Lillywhite's Ground

Ground information
- Location: Brighton, Sussex
- Establishment: 1831

Team information
| Gentlemen of Sussex | (1839) |
| Sussex | (1842) |

= Lillywhite's Ground =

Cricket ground in Brighton, Sussex, England

Lillywhite's Ground was a cricket ground in Brighton, Sussex. The ground is named after Frederick William Lillywhite, one of the greatest bowlers of all time, who was the proprietor of the ground at a time when he lived in Brighton and ran the Royal Sovereign Inn in Preston Street.

The first recorded match on the ground came in 1838, when the Gentlemen of Sussex played the Players of Sussex in a non first-class match. The first first-class match held at the ground came in 1839 when the Gentlemen of Sussex played the Marylebone Cricket Club. The second and final first-class match held on the ground came in 1842 when Sussex played England, with Sussex winning by 6 runs.

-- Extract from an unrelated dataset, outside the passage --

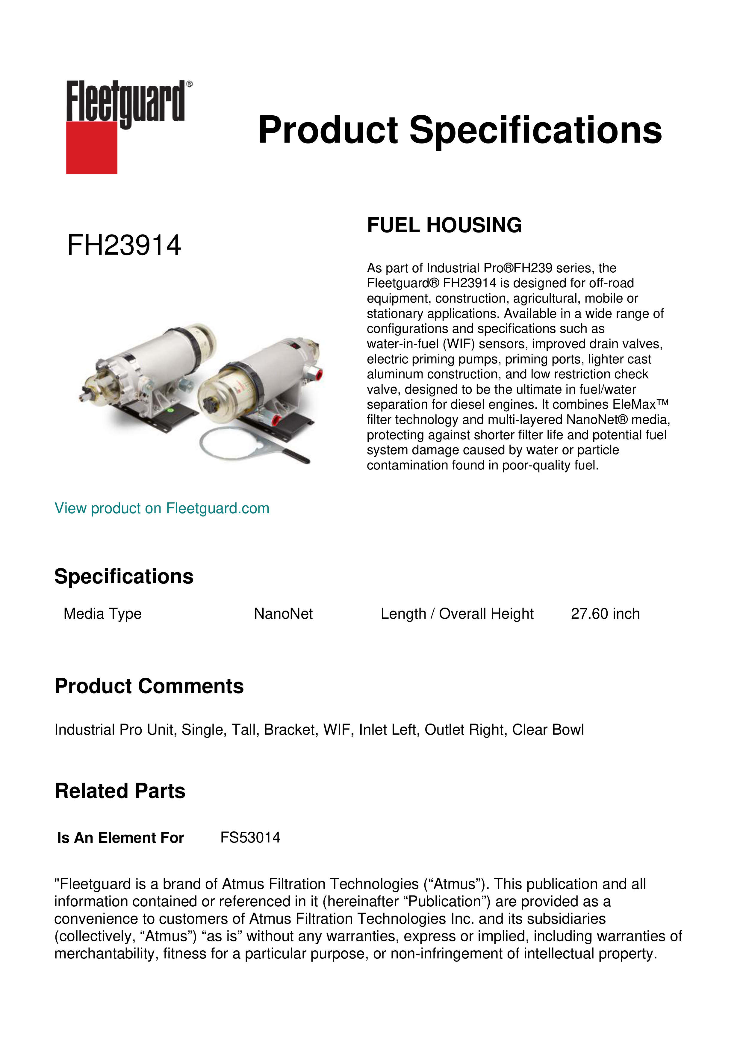 As part of Industrial Pro®FH239 series, the Fleetguard® FH23914 is designed for off-road equipment, construction, agricultural, mobile or stationary applications. Available in a wide range of configurations and specifications such as water-in-fuel (WIF) sensors, improved drain valves, electric priming pumps, priming ports, lighter cast aluminum construction, and low restriction check valve, designed to be the ultimate in fuel/water separation for diesel engines. It combines EleMax™ filter technology and multi-layered NanoNet® media, protecting against shorter filter life and potential fuel system damage caused by water or particle contamination found in poor-quality fuel.Specification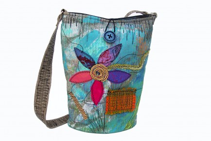 This bag is handmade with scrap upholstery and vinyl. The upholstery background was painted with artist acrylics, then stitched with thread for added depth and interest. Detailed applique work was then added in a single daisy flower design with scrap fabrics which were machine stitched on a commercial machine. Each petal is made with a different color fabric. Reverse of bag is in a solid high quality black upholstery vinyl. Bottom is lined with a solid piece of recycled plastic sintra signage material

While in Brighton and trying to cash in on his fame, Lillywhite lost a large amount of money, a fact he blamed on his landlord. His landlord was a patron to Sussex, with Lillywhite vowing never to play for Sussex again while his landlord had an interest in the ground. In 1844 he left Brighton for London, after which cricket at the ground declined and ceased to be played. The ground was located roughly where Montpelier Crescent is today.